* **PROBLEM TO WORK ON**:
Output the data word for word. Begin at its first line and end at the line with "Duża kokarda na prezent srebrna 30 cm 1 szt".

* **DATA EXCERPT**:
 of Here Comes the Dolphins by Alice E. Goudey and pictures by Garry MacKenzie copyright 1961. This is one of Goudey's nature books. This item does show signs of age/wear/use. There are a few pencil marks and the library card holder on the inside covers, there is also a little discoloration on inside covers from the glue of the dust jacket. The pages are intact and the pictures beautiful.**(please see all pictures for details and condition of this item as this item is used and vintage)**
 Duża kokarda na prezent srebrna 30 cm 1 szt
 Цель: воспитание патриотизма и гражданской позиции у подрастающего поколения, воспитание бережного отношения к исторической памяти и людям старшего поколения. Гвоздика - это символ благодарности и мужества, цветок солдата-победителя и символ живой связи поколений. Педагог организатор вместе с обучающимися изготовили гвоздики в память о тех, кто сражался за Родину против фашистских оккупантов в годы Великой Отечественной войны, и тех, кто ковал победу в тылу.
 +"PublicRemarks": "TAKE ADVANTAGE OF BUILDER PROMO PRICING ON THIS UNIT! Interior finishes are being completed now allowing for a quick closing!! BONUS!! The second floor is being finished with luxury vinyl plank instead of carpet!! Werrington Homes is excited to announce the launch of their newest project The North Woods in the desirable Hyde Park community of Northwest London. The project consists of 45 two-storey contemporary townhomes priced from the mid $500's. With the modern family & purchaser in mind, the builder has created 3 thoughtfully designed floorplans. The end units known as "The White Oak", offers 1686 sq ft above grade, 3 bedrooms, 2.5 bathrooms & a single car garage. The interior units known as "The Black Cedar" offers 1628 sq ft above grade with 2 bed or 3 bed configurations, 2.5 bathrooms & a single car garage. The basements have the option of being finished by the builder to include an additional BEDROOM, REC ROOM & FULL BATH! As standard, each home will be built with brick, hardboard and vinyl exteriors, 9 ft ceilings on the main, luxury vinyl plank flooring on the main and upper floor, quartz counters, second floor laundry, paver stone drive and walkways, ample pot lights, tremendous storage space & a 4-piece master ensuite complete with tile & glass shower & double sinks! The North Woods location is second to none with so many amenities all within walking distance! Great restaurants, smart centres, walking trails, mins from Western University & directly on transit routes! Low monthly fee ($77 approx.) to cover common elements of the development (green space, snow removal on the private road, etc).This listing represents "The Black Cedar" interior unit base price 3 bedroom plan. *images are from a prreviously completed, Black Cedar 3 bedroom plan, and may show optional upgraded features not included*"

* **EXERCISE RESULT**:
 of Here Comes the Dolphins by Alice E. Goudey and pictures by Garry MacKenzie copyright 1961. This is one of Goudey's nature books. This item does show signs of age/wear/use. There are a few pencil marks and the library card holder on the inside covers, there is also a little discoloration on inside covers from the glue of the dust jacket. The pages are intact and the pictures beautiful.**(please see all pictures for details and condition of this item as this item is used and vintage)**
 Duża kokarda na prezent srebrna 30 cm 1 szt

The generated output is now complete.